Um neuronale Schaltkreise zu untersuchen, wird üblicherweise eine spitze Metallelektrode in Hirngewebe eingestochen und Strom eingeleitet. Die erzeugte Antwort entspricht jedoch nicht dem sehr komplexen Aktivierungsmuster natürlicher Nervenstimuli. Zudem verursacht der eingeleitete Gleichstrom Schäden im Gewebe durch unerwünschte elektrochemische Nebenreaktionen.

Eine Gruppe von Neuro- und Nanomaterial-Wissenschaftlern der Case Western Reserve University (Cleveland, Ohio, USA) entwickelte nun eine Methode, die wesentlich schonender arbeitet und natürlichere Nervenimpulse erzeugt. Wie sie in der Zeitschrift Angewandte Chemie berichtet, basiert sie auf einer mit Halbleiter-Nanopartikeln beschichteten Mikropipette, die bei Anregung mit sichtbarem oder infrarotem (IR) Licht Neuronen in Hirngewebe aktiviert. Anders als konventionelle Elektroden benötigen diese Photoelektroden weder Verkabelung noch einen Stromerzeuger.

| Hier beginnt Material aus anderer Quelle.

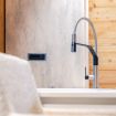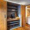 La cucina è minimalista, moderna e molto accogliente, un bellissimo armadio a scomparsa e un ampio spazio di lavoro affiancato ai più moderni accessori come lavastoviglie piano induzione, macchina del caffe, renderà un piacere preparare ottime cene.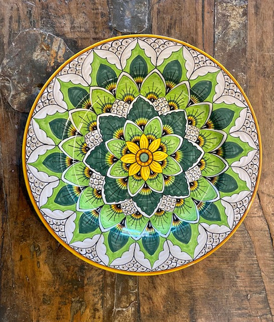 The Ribigini family has been producing majolica for many generations. Gerardo owns the workshop. His Father organized a group of artists after the ware and built a factory for 200 workers. When Gerardo was 15 his apprenticeship and started the business at the age of 20. Gerardo began as an apprentice at 15 years old. Now Gerardo, and his daughter, Claudia, hand-craft one of the most popular designs sold at Biordi, the peacock feather ceramic design. These patterns are special order. Allow 3 to 6 months to complete your special orders as each piece is made for you, and can also be personalized with your name and/or the occasion.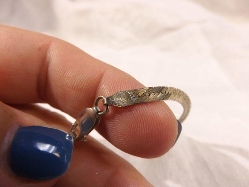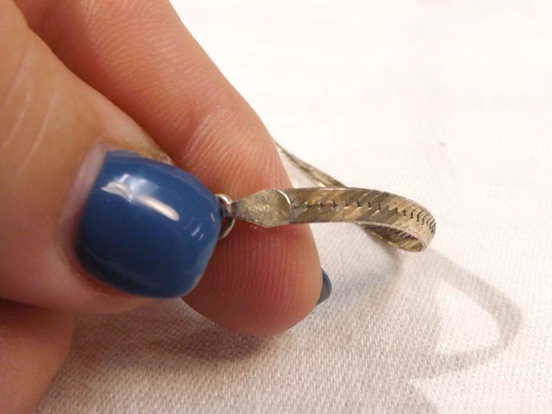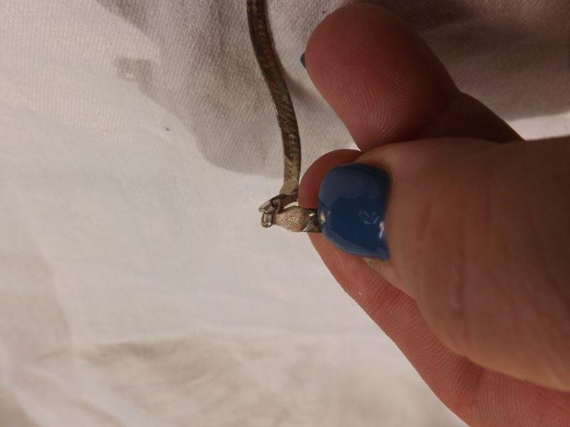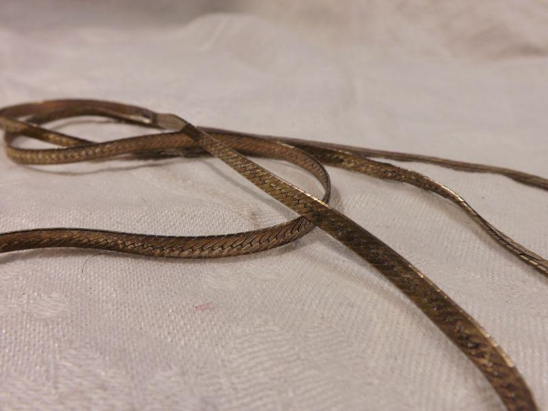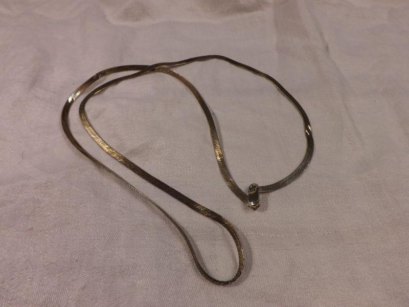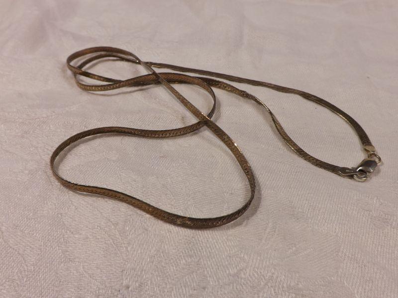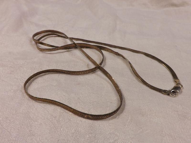 Gold-plated 925 sterling herringbone necklace, 28" long. some wear and kinks. **Please read Terms and Conditions before placing a bid. Pick up is Wednesday, September 25 from 4pm to 7pm and Saturday, September 28 from 9am to 1pm in Williamstown, NJ. All sales are final. All sales are as is, where is. Please review all photos. Any props included in photos are not included in listing. All measurements are approximate.

Das Team um Ben W. Strowbridge und Clemens Burda beschichtet hauchfein ausgezogene Glasmikropipetten von innen mit Bleiselenid-Nanopartikeln. Bleiselenid ist ein Halbleiter, der durch IR-Licht angeregt wird. Ähnlich wie bei Solarzellen „katapultiert“ die Bestrahlung fest gebundene Elektronen aus dem Valenzband in das so genannte Leitungsband des Halbleiters, in dem sie frei beweglich sind. So kommt es kurzzeitig zu einer Ladungstrennung und damit zu einer elektrischen Spannung.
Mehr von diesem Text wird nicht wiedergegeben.